Input: board = [["A","B","C","E"],["S","F","C","S"],["A","D","E","E"]], word = "ABCCED"
Output: true

Example 2:

Input: board = [["A","B","C","E"],["S","F","C","S"],["A","D","E","E"]], word = "SEE"
Output: true

Example 3:

Input: board = [["A","B","C","E"],["S","F","C","S"],["A","D","E","E"]], word = "ABCB"
Output: false

Solution

Similar idea to WordSearch II, but however this time we need to return from the code. Remember that we need to pop out the letter that we used as explained in WordSearch II > Gotcha.

[!important]
There might be some gotcha in Happy condition first before failure.

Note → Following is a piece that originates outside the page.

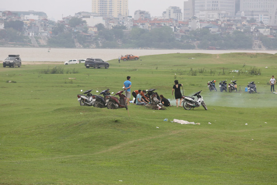 Chiều 29/3, bất chấp lệnh cấm tập trung đông người của Chính phủ và UBND TP Hà Nội để ngăn ngừa sử lây lan của dịch Covid-19, hàng trăm người vẫn rủ nhau tụ tập, ăn uống, đá bóng ngay dưới bãi đất gần chân cầu Vĩnh Tuy (Hà Nội).

In here just remember to return the happy condition first before return False

Implementation

import unittest
from typing import *

class App:
    def exist(self, board: List[List[str]], word: str) -> bool:
        for row in range(len(board)):
            for col in range(len(board[0])):
                if (self.searchWord(board, row, col, word, 0, [])):
                    return True

        return False

    def searchWord(self, board, row, col, word, index, visited):
        if index >= len(word):
            return True

        if not self.isValidCell(board, row, col, visited): 
            return False

        currentLetter = board[row][col] 
        if currentLetter != word[index]: return False
        
        visited.append((row, col))

        for dr, dc in [(1, 0), (-1, 0), (0, 1), (0, -1)]:
            nextRow, nextCol = row + dr, col + dc
            if (self.searchWord(board, nextRow, nextCol, word, index + 1, visited)):
                return True

        visited.pop()
    
    def isValidCell(self, board, row, col, visited):
        return not (row < 0 or col < 0 or row >= len(board) or col >= len(board[0])) and \
                (row, col) not in visited

Time complexity: $O(row \times col \times w)$ for $w$ is the length of word.
Space complexity: $O(1)$ — we keep track of visited but we pop out as we go.

Optimisation

We can replace the visited list with marking the cell as # to reuse the same array.